(Data records)
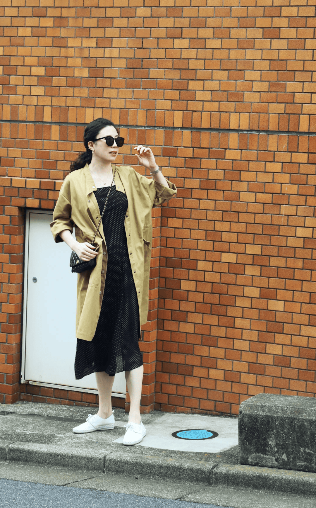 想要造型更加随性舒适,这种长款衬衫也可以当做风衣来穿,轻薄的面料,黑色波点网纱裙,用白色平底鞋加持造型,整体穿搭温柔又耐看,是春季出行最亮眼的存在,这种穿搭最适合搭配链条包,提升精致感,而且衣服的面料尽量选择轻薄的面料,飘逸感好更显气质。
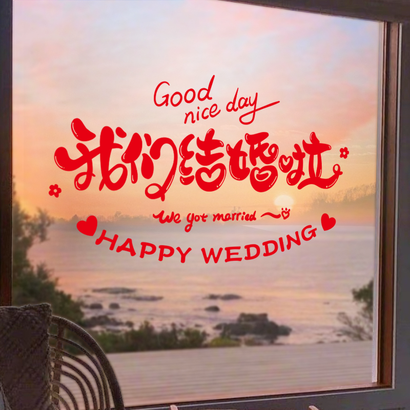 创意结婚喜字静电贴纸婚房布置女方陪嫁玻璃窗户喜帖婚礼用品窗花
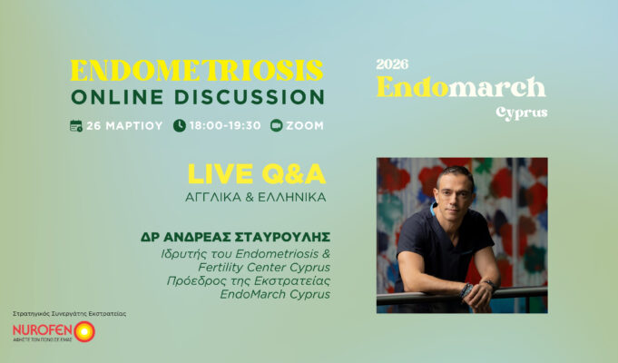 Η Ανοικτή Διαδικτυακή Συζήτηση πραγματοποιείται στο πλαίσιο της Εκστρατείας EndoMarch Cyprus, η οποία τελεί υπό την Αιγίδα του Υπουργείου Υγείας και υλοποιείται καθ’ όλη τη διάρκεια του Μαρτίου, με Στρατηγικό Συνεργάτη το Nurofen.
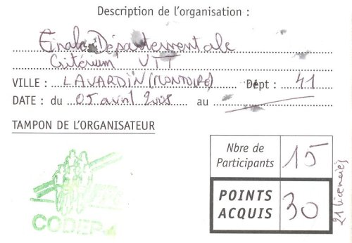 | Finale départementale du critérium Vtt | Lavardin | 5 avril | 15 | 30 | |
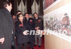 由國務院僑務辦公室主辦的“旅澳華人畫家姚迪雄畫展”,十八日在北京中國革命博物館開幕。全國人大常委會副委員長何魯麗(左二)、僑辦主任郭東坡(左三)與姚迪雄先生(左)一起參觀。作者:鄒憲
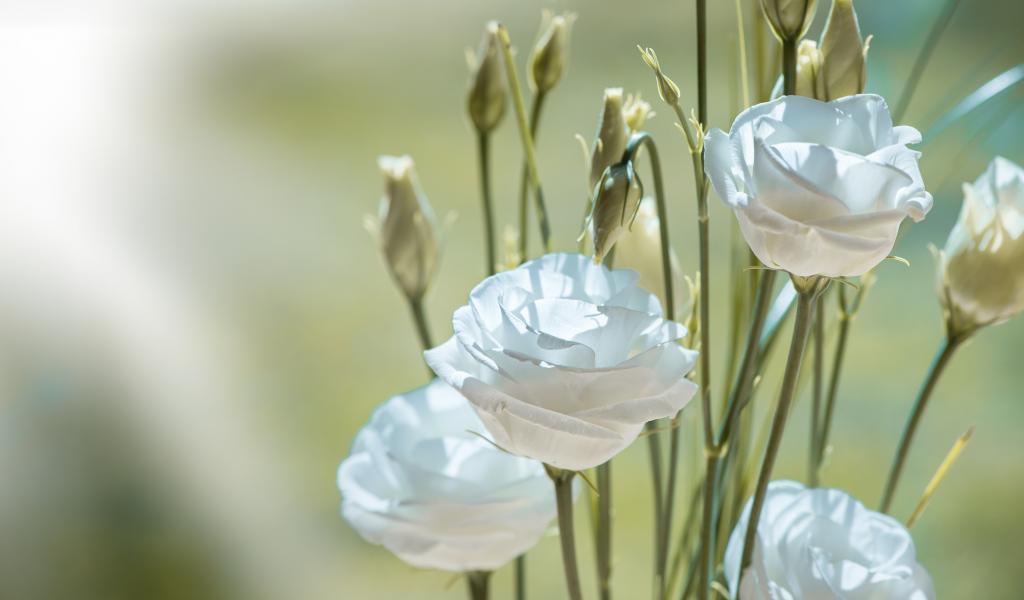 Wallpaper White eustoma flowers with buds close up
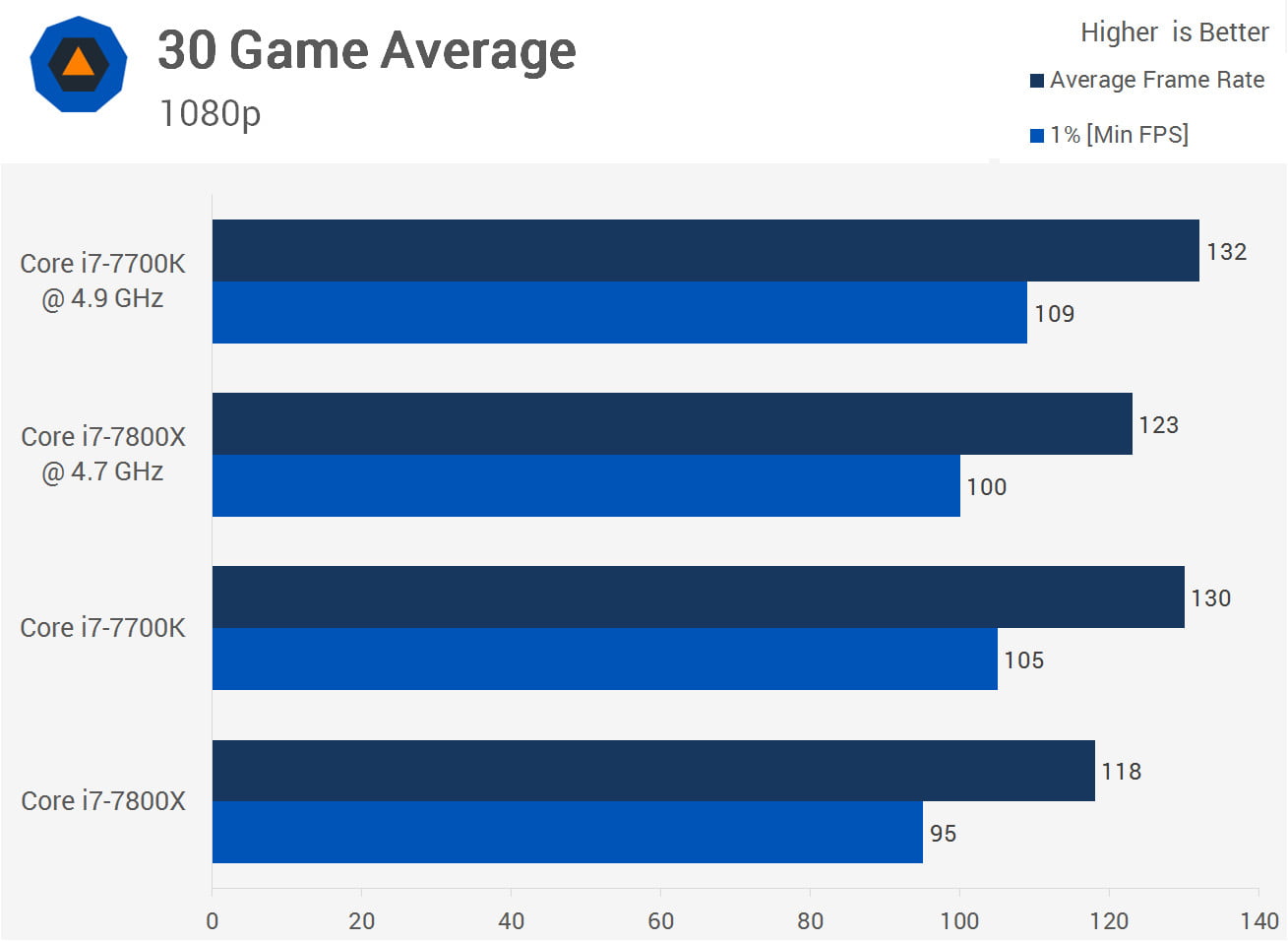 فرکانس پایه در Intel Core i7-7700K تا 700 مگاهرتز بیش از Core i7-7800X است (4.2 گیگاهرتز در برابر 3.5 گیگاهرتز) همچنین در فرکانس افزایشی نیز i7-7700K با فرکانس 4.5 گیگاهرتز در برابر 4 گیگاهرتز رقیب قرار دارد. علاوه بر نرخ فریم (FPS)، مصرف انرژی نیز در این دو CPU مقایسه شده است. بدیهی است که Core i7-7800X با تعداد هسته های بیشتر، از توان مصرفی و حرارتی بیشتری برخوردار است. این مقایسه ثابت می کند که اینتل به طور واضح پردازنده های مصرف کننده را از مدل های رندرینگ جدا کرده است و البته این مسئله نشان می دهد که بازی های امروز با پردازنده های 4 هسته ای بهینه تر خواهند بود. در نتیجه در صورتی که خواهان خرید یک سیستم مخصوص بازی هستید، نیازی به تهیه پردازنده های گران قیمت Core-X ندارید.
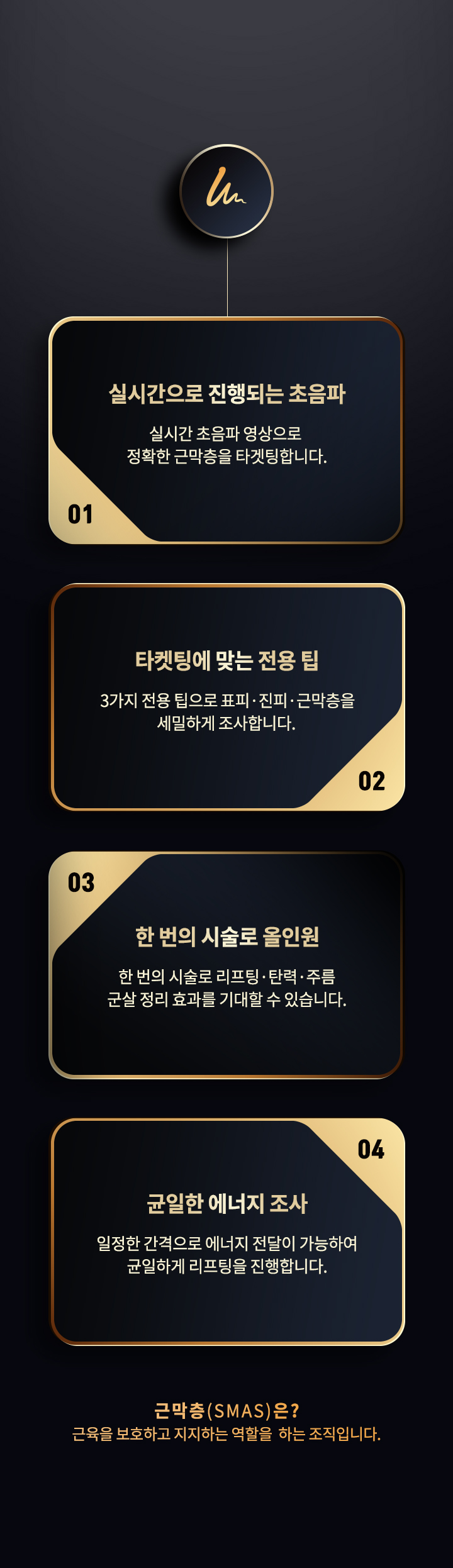 주로 턱 라인/볼/광대 라인 등의 쳐짐 개선이나, 전체적인 탄력 개선을 원할 때 진행할 수 있는 시술입니다.
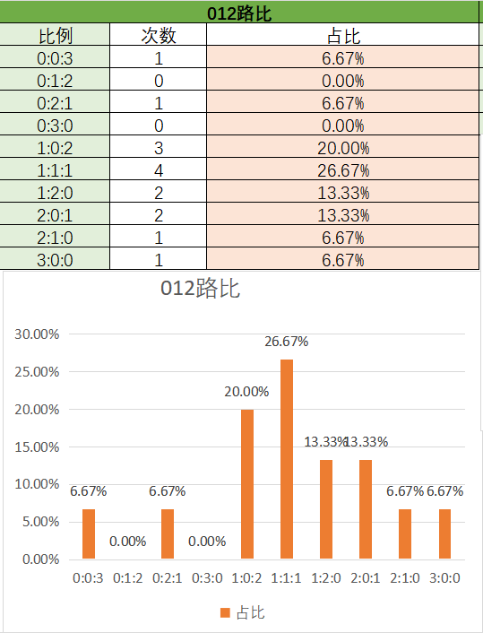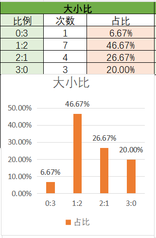 上期大小比为1:2,1:2占比变大,0:3占比变小。可以看到近15期内1:2优势最好的,其次是2:1,然后是3:0,最后是0:3。本期看好2:1开出,其次是1:2。

◆ **Directions**: Transcribe exactly each line of the records from the start up to and including the one with "فرکانس پایه در", and leave out every picture.

◆ **Answer section**:
 想要造型更加随性舒适,这种长款衬衫也可以当做风衣来穿,轻薄的面料,黑色波点网纱裙,用白色平底鞋加持造型,整体穿搭温柔又耐看,是春季出行最亮眼的存在,这种穿搭最适合搭配链条包,提升精致感,而且衣服的面料尽量选择轻薄的面料,飘逸感好更显气质。
 创意结婚喜字静电贴纸婚房布置女方陪嫁玻璃窗户喜帖婚礼用品窗花
 Η Ανοικτή Διαδικτυακή Συζήτηση πραγματοποιείται στο πλαίσιο της Εκστρατείας EndoMarch Cyprus, η οποία τελεί υπό την Αιγίδα του Υπουργείου Υγείας και υλοποιείται καθ’ όλη τη διάρκεια του Μαρτίου, με Στρατηγικό Συνεργάτη το Nurofen.
 | Finale départementale du critérium Vtt | Lavardin | 5 avril | 15 | 30 | |
 由國務院僑務辦公室主辦的“旅澳華人畫家姚迪雄畫展”,十八日在北京中國革命博物館開幕。全國人大常委會副委員長何魯麗(左二)、僑辦主任郭東坡(左三)與姚迪雄先生(左)一起參觀。作者:鄒憲
 Wallpaper White eustoma flowers with buds close up
 فرکانس پایه در Intel Core i7-7700K تا 700 مگاهرتز بیش از Core i7-7800X است (4.2 گیگاهرتز در برابر 3.5 گیگاهرتز) همچنین در فرکانس افزایشی نیز i7-7700K با فرکانس 4.5 گیگاهرتز در برابر 4 گیگاهرتز رقیب قرار دارد. علاوه بر نرخ فریم (FPS)، مصرف انرژی نیز در این دو CPU مقایسه شده است. بدیهی است که Core i7-7800X با تعداد هسته های بیشتر، از توان مصرفی و حرارتی بیشتری برخوردار است. این مقایسه ثابت می کند که اینتل به طور واضح پردازنده های مصرف کننده را از مدل های رندرینگ جدا کرده است و البته این مسئله نشان می دهد که بازی های امروز با پردازنده های 4 هسته ای بهینه تر خواهند بود. در نتیجه در صورتی که خواهان خرید یک سیستم مخصوص بازی هستید، نیازی به تهیه پردازنده های گران قیمت Core-X ندارید.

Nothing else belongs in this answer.